State AI laws with enforcement mechanisms are real compliance obligations for companies operating in those states. They are also subject to change. A buyer's compliance team treating Colorado SB 205 as a hard requirement is correct to do so today. Whether that remains true in 18 months depends on litigation and federal legislative activity that is genuinely uncertain.
The Scenario You'll Encounter
A federal agency buyer says their organization is "compliant with AI regulations." The calibrated follow-up isn't skepticism — it's precision. Which framework are they referencing? Is it an internal policy aligned to the AI RMF, an agency-specific directive, or an actual statutory requirement? What does their compliance program actually require of vendors? The answer shapes what your conversation needs to cover.

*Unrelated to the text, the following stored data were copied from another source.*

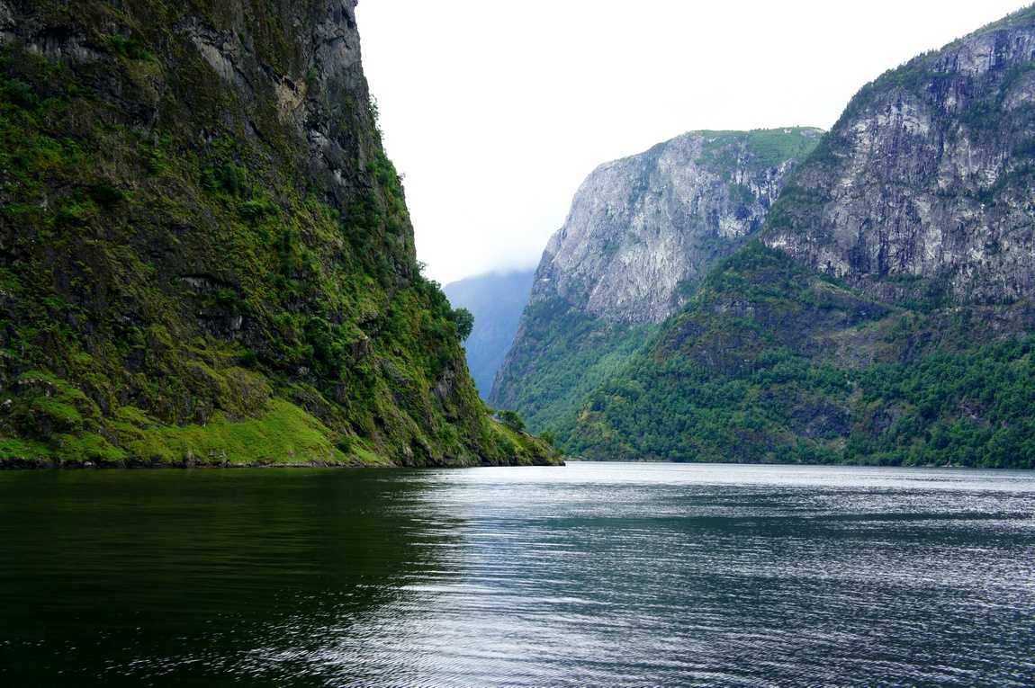 Фьорды в Норвегии. Горы очень близко подходят друг к другу, и когда плывём на прогулочном катере возникает ощущение, что приближаемся в тупик тёмно синих гор.
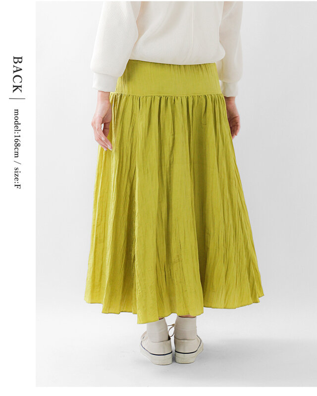 ・ふんわりと広がる裾が、ワッシャー素材の柔らかな表情を引き立てます。
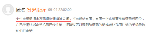 此外,有用户反映ofo小黄车支付宝退款通道被关闭。
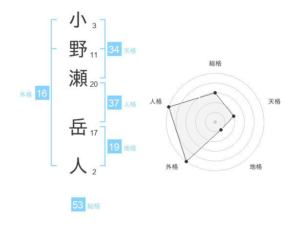小野瀬 岳人さんを姓名の画数から五運を鑑定

Most federal AI compliance programs right now are voluntary framework alignment dressed in compliance language. That's an accurate description of where the regulatory environment stands, not a criticism of the compliance teams doing real work against real guidance. The guidance just doesn't carry the same legal weight as a BAA or a FedRAMP authorization.
Okta Concept Mapping
The current US AI regulatory structure resembles the pre-FICAM era of federal identity policy: a landscape of agency-specific guidance, voluntary frameworks, and OMB memos that carried real procurement weight without statutory authority. Where the analogy holds — voluntary frameworks with procurement leverage behave like de facto mandates even without legal teeth, exactly as HSPD-12 and early FICAM guidance did before the statutory and regulatory consolidation arrived. Where it breaks: FICAM eventually consolidated into binding FedRAMP requirements and NIST 800-63 as a hard reference in federal identity policy. US AI regulation has not made that consolidation move. Whether it does, and on what timeline, is the genuinely open question. The break is the lesson. Don't let the analogy carry the reader past it.
This lesson covers horizontal US federal and state AI regulatory structure only. EU regulation is addressed in Lesson 5. Sector-specific regimes — HIPAA, GLBA, FedRAMP — are addressed in Lesson 7.
Triggered accuracy review required upon: new federal AI executive order signed or prior order revoked; federal AI legislation enacted or materially advanced; significant state AI law enacted, enjoined, or struck down; preemption ruling issued in active AI-related litigation; material NIST AI RMF update published.